Member of the East New Jersey Provincial Council
- In office October 20, 1686 – 1692

Member of the New York Provincial Council
- In office 1692–1692

Member of the New York Provincial Council
- In office 1697–1697

Member of the New Jersey Provincial Council for the Eastern Division
- In office November 29, 1705 – April 1711 (Died)

Personal details
- Born: England
- Died: April 1711
- Spouse: Elizabeth Smith - Carteret
- Children: Charles Townley, Effingham Townley

= Richard Townley =

English emigrant to the United States

Coat of Arms of Richard Townley

Colonel Richard Townley (died 1711) was born in England probably at Astlam (Astleham) Manor in Littleton (formerly in Middlesex, today in Surrey). He was the eighth son of Nicholas Townley of Littleton and Joanne White.

He emigrated to Virginia in the suite of Lord Effingham, Governor of Virginia in 1683. He settled in the Elizabethtown, New Jersey area and married his 2nd wife, Elizabeth Carteret (née. Smith), widow of the first governor of New Jersey Philip Carteret in 1685.

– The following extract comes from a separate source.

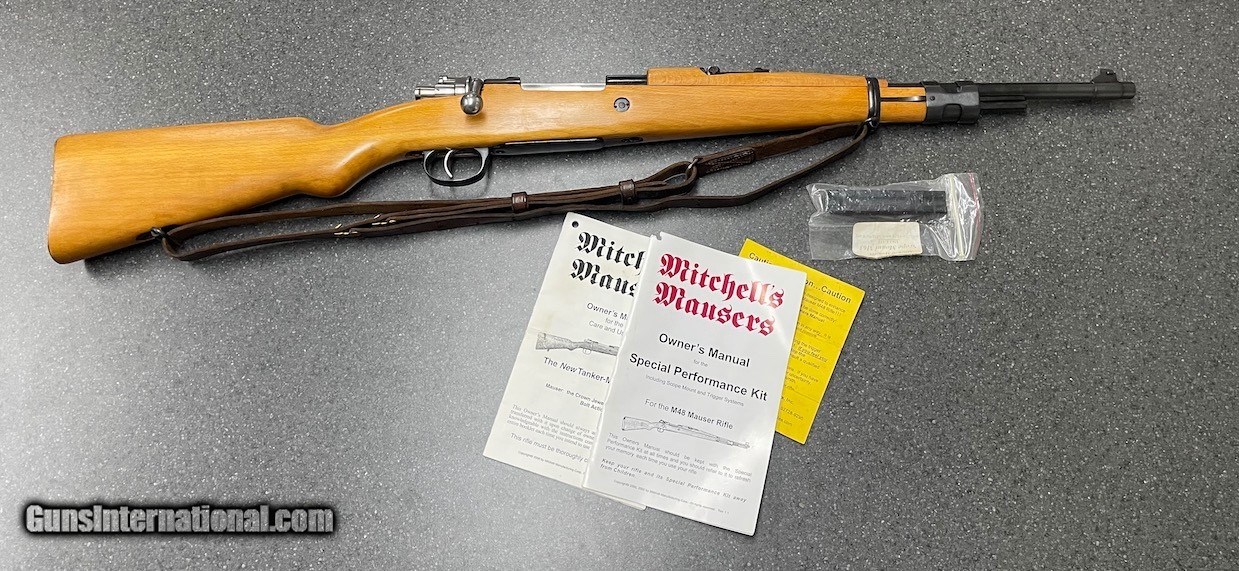 Description: This is an excellent condition Mauser 98 Carbine by Mitchells Mausers. Made by Zastava in a Model 63 18" barreled "Tanker" carbine. It is chambered in 30-06 caliber. The rifle is in great condition overall. All metal finishes are excellent. There are no notable flaws in the bluing. There is some light patina on the top of the buttplate. The bore is perfect. This rifle has not been shot much, if at all. The stock has a couple of scratches and marks. It comes with the original papaerwork as well as with a scope mount that installs in place of the rear sight. it has a military style sling on it which is also included. I do not have the original shipping box. Ship to FFL only. payment by check or MO only. Contact me for additional photos SOLD Rifle Caliber: .30-06 Springfield Manufacturer: Mitchells Mausers Model: M63 Condition: Very Good Metal Condition: VG Wood Condition: VG Bore Condition: VG Action: Bolt Triggers: Military Stock: Wood Butt Pad: Steel Finish: Blued Sights: Open Military Extras: Leather Sling Item Location: Rochester, NY |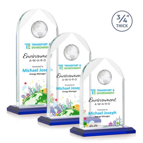 The Starfire Crystal Globe Award features an elegant beveled arched top, optical globe and mounted on a beveled crystal base. Let your message POP with full-color VividPrint!

Townley was one of the East New Jersey Provincial Council during the administration of deputy governor Lord Neill Campbell in 1686. In 1692 and 1697 he was a member of the New York Provincial Council but was accused by New York Governor Lord Bellomont of attending neither.

At the time of his death in April 1711, Richard Townley was Presiding Judge of the Court of Quarter Sessions for Essex County. He left two sons, Charles and Effingham.